The tank in front gained ground, leaving an unacceptable gap between our Humvee and their tail. My eyes studied from left to right, watching, waiting for any movement from the dust-riddled façades that were barely standing. Everything was beige, the ground, the buildings, the air. Fucking blah…no color, no life.

I faintly heard the metal ping just as my eyes cut over to Randall.

“Randall, drive.”

Our Humvee continued to slow just as his head lolled back at an odd angle…and I knew.
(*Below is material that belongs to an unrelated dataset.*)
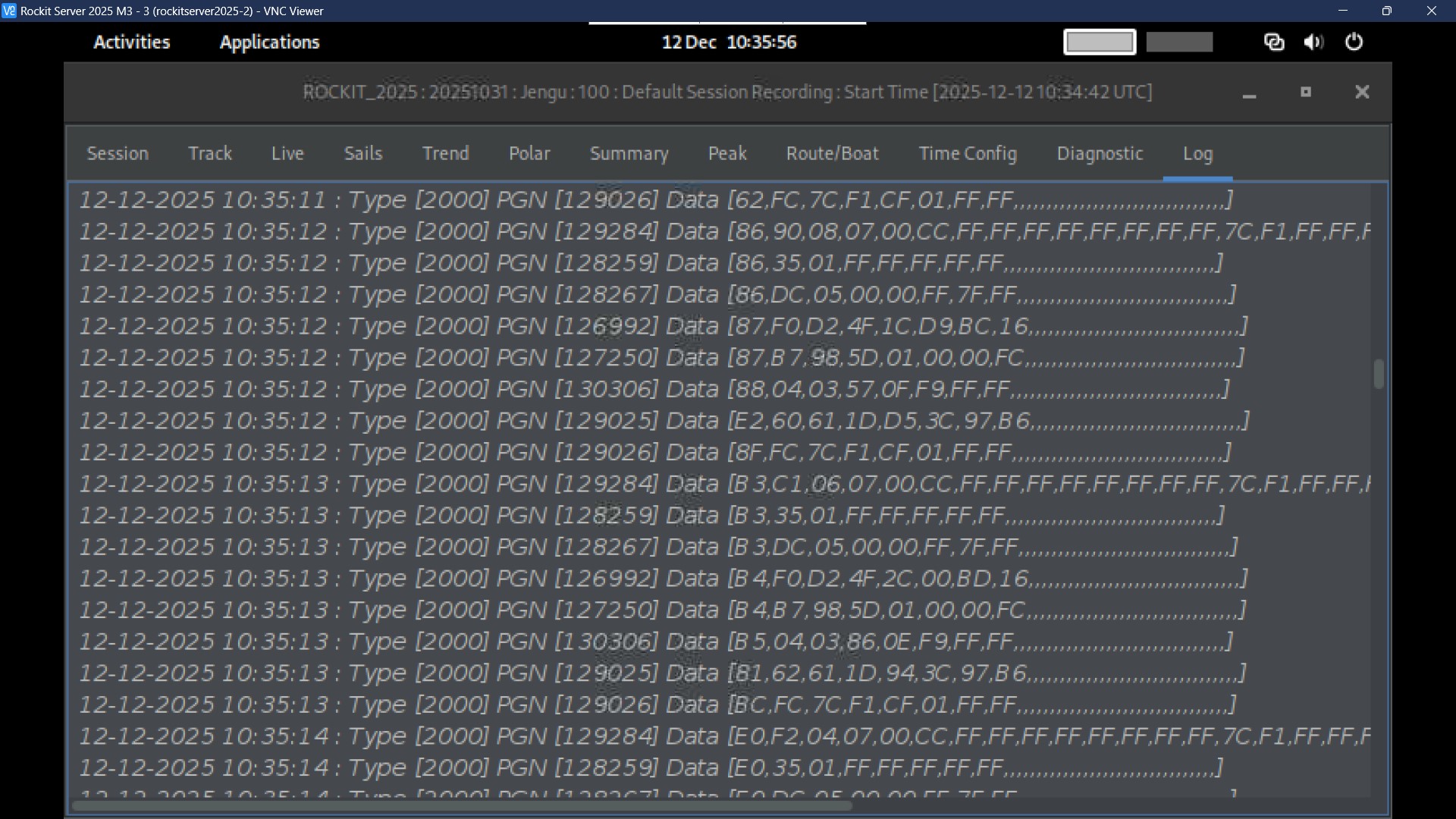 The final tab will display logging information as data is collected. In this case running on the Rockit Server version of the software viewed through VNC viewer you can see the NMEA 2000 messages that the server is receiving. They will be extracted and stored in the NMEA data table.

I knew why, yet I still barked, “Randall, stop fucking around.”

Maybe he was fucking around?

Maybe the prick thought it'd be funny to pretend he'd been hit?
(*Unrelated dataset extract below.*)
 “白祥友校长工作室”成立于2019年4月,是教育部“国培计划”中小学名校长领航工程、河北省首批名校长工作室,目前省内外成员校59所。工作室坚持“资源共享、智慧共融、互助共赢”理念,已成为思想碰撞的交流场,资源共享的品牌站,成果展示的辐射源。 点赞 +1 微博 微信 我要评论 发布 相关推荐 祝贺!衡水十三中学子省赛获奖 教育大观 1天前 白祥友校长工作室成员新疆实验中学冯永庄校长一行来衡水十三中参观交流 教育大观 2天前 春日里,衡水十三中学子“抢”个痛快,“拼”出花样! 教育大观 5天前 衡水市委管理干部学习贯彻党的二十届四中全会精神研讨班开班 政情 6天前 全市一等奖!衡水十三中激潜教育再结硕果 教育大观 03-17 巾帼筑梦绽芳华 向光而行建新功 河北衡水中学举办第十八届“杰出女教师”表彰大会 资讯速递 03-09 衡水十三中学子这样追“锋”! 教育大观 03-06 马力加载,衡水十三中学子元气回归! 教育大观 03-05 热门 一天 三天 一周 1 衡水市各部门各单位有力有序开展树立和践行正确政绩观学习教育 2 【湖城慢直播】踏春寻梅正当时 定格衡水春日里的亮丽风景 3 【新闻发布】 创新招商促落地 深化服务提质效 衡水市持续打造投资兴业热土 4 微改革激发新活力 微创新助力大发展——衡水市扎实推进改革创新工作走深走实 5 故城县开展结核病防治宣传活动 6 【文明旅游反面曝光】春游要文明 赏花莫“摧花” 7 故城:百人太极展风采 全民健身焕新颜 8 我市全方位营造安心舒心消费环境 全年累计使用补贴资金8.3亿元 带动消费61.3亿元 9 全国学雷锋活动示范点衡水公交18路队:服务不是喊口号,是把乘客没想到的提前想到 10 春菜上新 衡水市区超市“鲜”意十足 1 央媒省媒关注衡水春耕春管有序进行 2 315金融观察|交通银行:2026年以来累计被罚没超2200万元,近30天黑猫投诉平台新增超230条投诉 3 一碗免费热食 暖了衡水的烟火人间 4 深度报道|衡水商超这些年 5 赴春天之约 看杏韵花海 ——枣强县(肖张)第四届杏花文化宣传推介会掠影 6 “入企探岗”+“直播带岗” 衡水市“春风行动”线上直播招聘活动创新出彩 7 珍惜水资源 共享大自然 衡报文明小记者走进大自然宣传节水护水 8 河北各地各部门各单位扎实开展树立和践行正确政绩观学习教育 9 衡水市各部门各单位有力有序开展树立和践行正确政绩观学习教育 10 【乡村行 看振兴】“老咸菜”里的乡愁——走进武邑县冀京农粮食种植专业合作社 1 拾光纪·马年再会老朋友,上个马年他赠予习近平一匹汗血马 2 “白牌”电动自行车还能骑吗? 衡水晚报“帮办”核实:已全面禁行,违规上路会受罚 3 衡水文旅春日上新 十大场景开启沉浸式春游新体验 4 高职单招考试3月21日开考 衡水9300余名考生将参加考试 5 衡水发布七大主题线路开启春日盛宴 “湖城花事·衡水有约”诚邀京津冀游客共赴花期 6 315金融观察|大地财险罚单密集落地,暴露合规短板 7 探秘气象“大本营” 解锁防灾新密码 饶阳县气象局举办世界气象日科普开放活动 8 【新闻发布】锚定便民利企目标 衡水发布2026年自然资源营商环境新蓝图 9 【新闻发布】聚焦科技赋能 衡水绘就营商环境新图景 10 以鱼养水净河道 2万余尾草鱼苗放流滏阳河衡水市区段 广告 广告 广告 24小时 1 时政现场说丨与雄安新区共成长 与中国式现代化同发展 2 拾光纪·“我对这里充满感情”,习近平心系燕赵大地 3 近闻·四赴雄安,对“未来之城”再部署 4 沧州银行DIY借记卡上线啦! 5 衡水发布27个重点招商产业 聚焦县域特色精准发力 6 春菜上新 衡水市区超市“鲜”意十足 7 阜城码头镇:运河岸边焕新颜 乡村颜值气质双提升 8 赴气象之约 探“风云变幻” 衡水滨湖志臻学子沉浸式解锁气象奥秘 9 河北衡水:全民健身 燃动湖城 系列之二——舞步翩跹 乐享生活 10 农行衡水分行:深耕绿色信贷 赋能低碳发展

Maybe the next bullet was coming for me?

In slow motion, a blood-red serpent traveled from under his helmet and slinked over the curve of his face, slowed over the terrain of his stubble, and then continued to roll until it disappeared into the collar of his fatigues.

“Randall!”

—

“David…David, wake up!”

A hand squeezed my arm in the most annoying manner. Cold fingers gripped my arm, shaking it over and over until rage quickly replaced the irritation I felt.

“Get the fuck off me!” I shoved at whoever was touching me, hearing a gasp and then sobs.

I blinked against the darkness as my eyes tried to focus, but all I could see was my best friend's lifeless body beside me. Whether my eyes were opened or closed, that was all I could see. Day or night, conscious or not, the image of his lifeless body as it sat three feet away from me consumed my thoughts like an old 35-mm movie stuck on one frame.

You know the kind that your grandparents made you watch of their happier times when you were a kid? Grainy images flashing on a projector screen, no sound except for the noise that the film made as it circled the reel.

Flick…flick…flick…flick…

It should have been me.

The sobs beside me increased in the most annoying manner.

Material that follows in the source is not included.